> [EXERCISE DESCRIPTION]:
Set the images aside and retype the whole listing exactly.

> [DATA PROVIDED]:

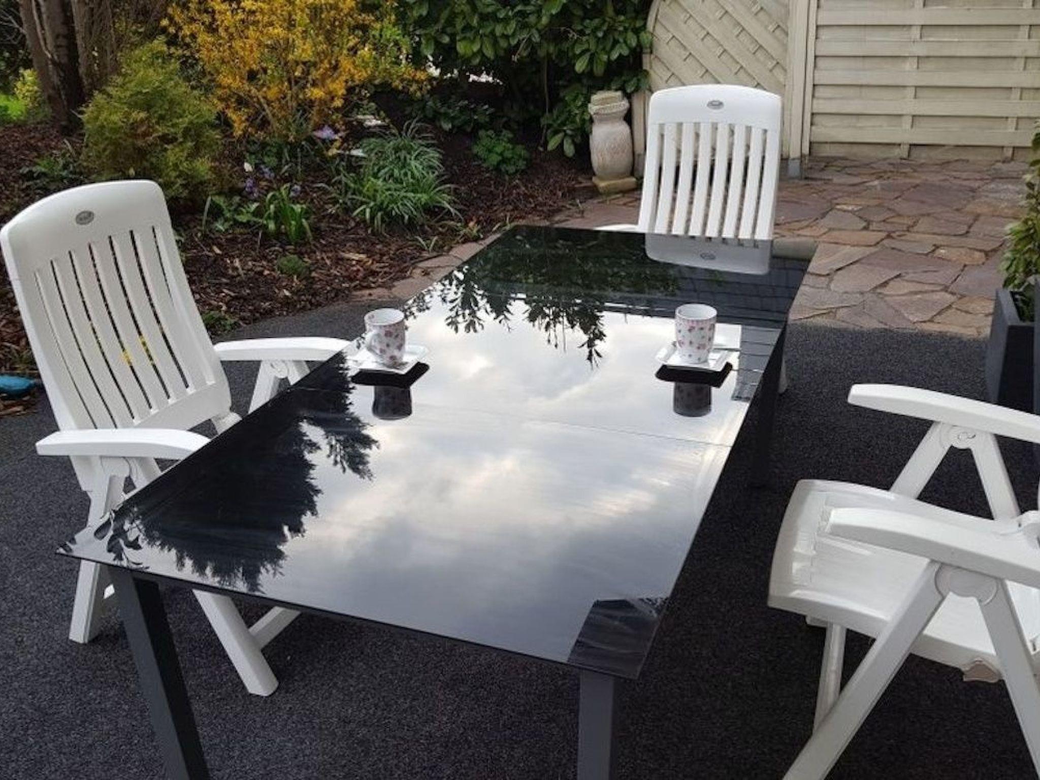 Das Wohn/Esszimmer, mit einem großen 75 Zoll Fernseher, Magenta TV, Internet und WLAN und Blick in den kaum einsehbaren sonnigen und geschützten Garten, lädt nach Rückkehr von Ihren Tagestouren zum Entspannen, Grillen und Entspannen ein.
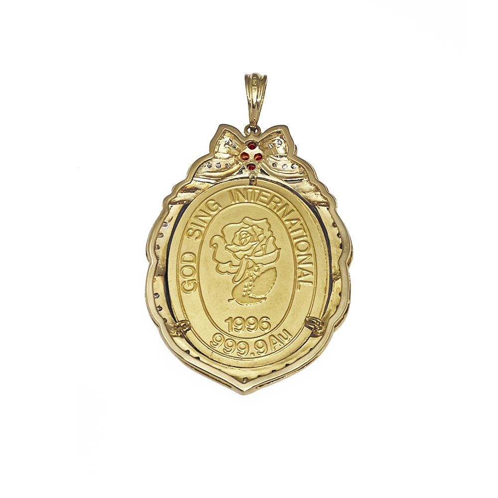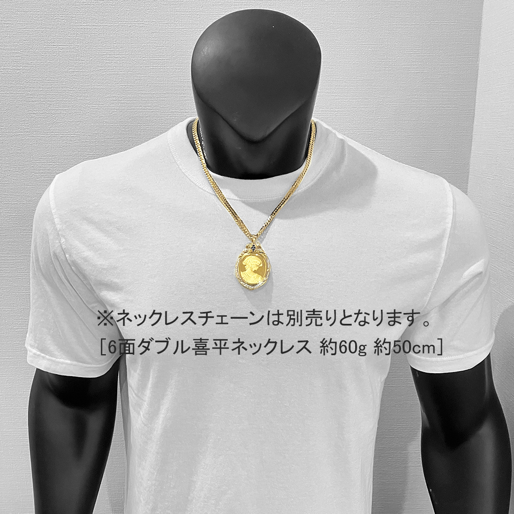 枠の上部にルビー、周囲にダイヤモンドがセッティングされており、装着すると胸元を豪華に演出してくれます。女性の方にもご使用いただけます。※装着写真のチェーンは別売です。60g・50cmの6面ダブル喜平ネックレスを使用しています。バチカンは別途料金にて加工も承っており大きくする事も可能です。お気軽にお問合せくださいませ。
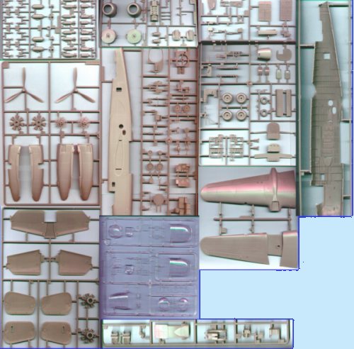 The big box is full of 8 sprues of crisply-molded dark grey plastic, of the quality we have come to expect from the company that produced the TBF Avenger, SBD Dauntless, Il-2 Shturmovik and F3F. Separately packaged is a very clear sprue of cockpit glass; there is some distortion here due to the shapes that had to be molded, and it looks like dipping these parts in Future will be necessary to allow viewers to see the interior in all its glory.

> [EXERCISE SOLUTION]:
 Das Wohn/Esszimmer, mit einem großen 75 Zoll Fernseher, Magenta TV, Internet und WLAN und Blick in den kaum einsehbaren sonnigen und geschützten Garten, lädt nach Rückkehr von Ihren Tagestouren zum Entspannen, Grillen und Entspannen ein.
 枠の上部にルビー、周囲にダイヤモンドがセッティングされており、装着すると胸元を豪華に演出してくれます。女性の方にもご使用いただけます。※装着写真のチェーンは別売です。60g・50cmの6面ダブル喜平ネックレスを使用しています。バチカンは別途料金にて加工も承っており大きくする事も可能です。お気軽にお問合せくださいませ。
 The big box is full of 8 sprues of crisply-molded dark grey plastic, of the quality we have come to expect from the company that produced the TBF Avenger, SBD Dauntless, Il-2 Shturmovik and F3F. Separately packaged is a very clear sprue of cockpit glass; there is some distortion here due to the shapes that had to be molded, and it looks like dipping these parts in Future will be necessary to allow viewers to see the interior in all its glory.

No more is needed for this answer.